# 10,000 and counting...



## Andyblue (Jun 20, 2017)

Just hit a milestone - my 10,000th post since joining a few years back.

Thanks for having me and the forum has been a wealth of knowledge, hoping I've been able to add a little myself. :thumb:

It's still a great forum to be on - long may it last :thumb:

So, here's to next 10,000 posts


----------



## greymda (Feb 16, 2014)

yey! !


----------



## nbray67 (Mar 22, 2012)

You really need to get out more Andy. :lol:


----------



## Lexus-is250 (Feb 4, 2017)

Well done mate but can see your plan.
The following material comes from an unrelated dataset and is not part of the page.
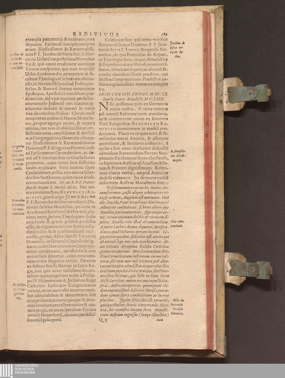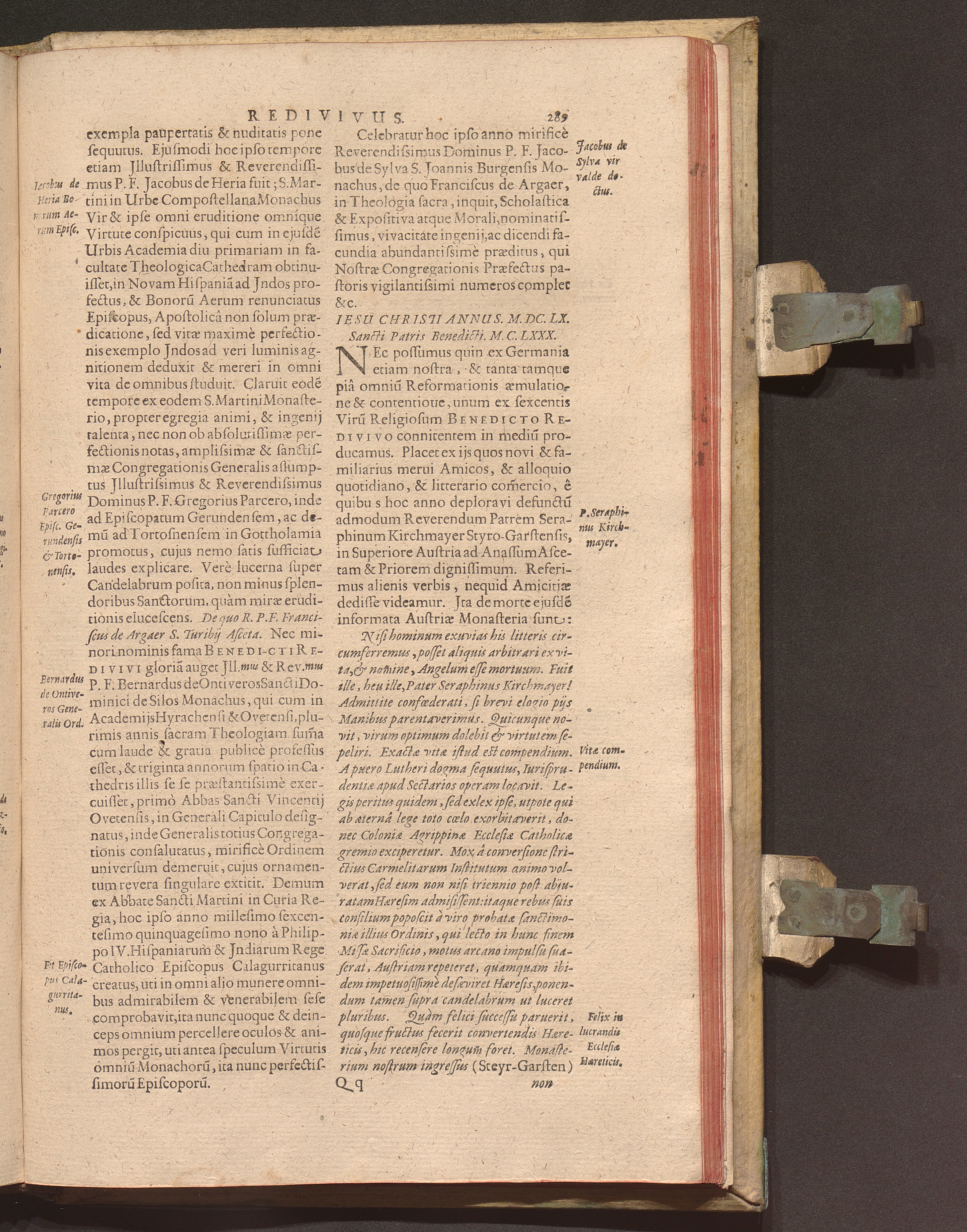 Benedictus Redivivus Hoc est: Benedictinj Ordinis Vetustißimi Amplißimique, Nostra, ac supera ætate Jmmarcescibilis Vigor, ac Viror : Anniversariâ Vernantiâ Chronologicè comprobatus, ac demonstratus Ab anno Christi M. D. Ad Præsentem Usque Ætatem, Et Annos Nostros, Jn Quo ... Operationes Jn Effusione Mirabili sui Spiritus ... quam compendiosissimè exhibe[n]tur / Opera, & Studio R. P. F. Gabrielis Bucelini Ascetæ Benedictini Imperialis Monasterij VVeingartensis Prioris S. Joannis Bapt. in Oppido Rhætiæ Superioris Veldkirchensi

You've got Christmas giveaway top prizes all over you

Sent from my SM-A505FN using Tapatalk


----------



## pt1 (Feb 8, 2014)

I thought you would be on at least 30'000 by now 
Congratulations 

Sent from my CLT-L09 using Tapatalk


----------



## Christian6984 (Dec 20, 2007)

Well done, racked up more than me and in a shorter time as well :thumb:


----------



## Soul boy 68 (Sep 8, 2013)

Andyblue said:


> Just hit a milestone - my 10,000th post since joining a few years back.
> 
> Thanks for having me and the forum has been a wealth of knowledge, hoping I've been able to add a little myself. :thumb:
> 
> ...


Still well behind me but at the rate you're going, you'll quickly sprint past me :lol:


----------



## Kerr (Mar 27, 2012)

A devoted effort. Well done. 

There won't be many people hitting the 10k+ posts in recent years.


----------



## HEADPHONES (Jan 1, 2008)

Wow......10k!
Here's looking forward to the next 10k.


----------



## bluechimp (Dec 21, 2017)

Congrats Andy, just checked mine as we joined at similar times, boy i’m lacking and thought I was quite active :lol:

Thanks for your contributions I certainly have found them useful :thumb:


----------



## Cookies (Dec 10, 2008)

Good man!! That's some post count!!!

It's a great wee corner of the interweb isn't it. 

Cheers

Cooks

Sent from my SM-G950F using Tapatalk


----------



## Rappy (Oct 2, 2020)

Congrats Andy :thumb:

Some way to go yet. I have not even cracked 1000 posts yet :lol::lol:


----------



## straight6hatch (Jul 17, 2020)

Thanks for all your input Andy, always appreciated and cheers to another 10k posts!


----------



## Andyblue (Jun 20, 2017)

greymda said:


> yey! !





pt1 said:


> I thought you would be on at least 30'000 by now
> Congratulations
> 
> Sent from my CLT-L09 using Tapatalk






Christian6984 said:


> Well done, racked up more than me and in a shorter time as well :thumb:





Kerr said:


> A devoted effort. Well done.
> 
> There won't be many people hitting the 10k+ posts in recent years.





HEADPHONES said:


> Wow......10k!
> Here's looking forward to the next 10k.





Rappy said:


> Congrats Andy :thumb:
> 
> Some way to go yet. I have not even cracked 1000 posts yet :lol::lol:


Thanks guys :thumb:


----------



## Andyblue (Jun 20, 2017)

nbray67 said:


> You really need to get out more Andy. :lol:


:lol::lol: Wife says same as well :thumb:



Lexus-is250 said:


> Well done mate but can see your plan. You've got Christmas giveaway top prizes all over you
> 
> Sent from my SM-A505FN using Tapatalk


:lol::lol: Liking your thinking - hopefully :thumb:


----------



## Andyblue (Jun 20, 2017)

bluechimp said:


> Congrats Andy, just checked mine as we joined at similar times, boy i'm lacking and thought I was quite active :lol:
> 
> Thanks for your contributions I certainly have found them useful :thumb:





straight6hatch said:


> Thanks for all your input Andy, always appreciated and cheers to another 10k posts!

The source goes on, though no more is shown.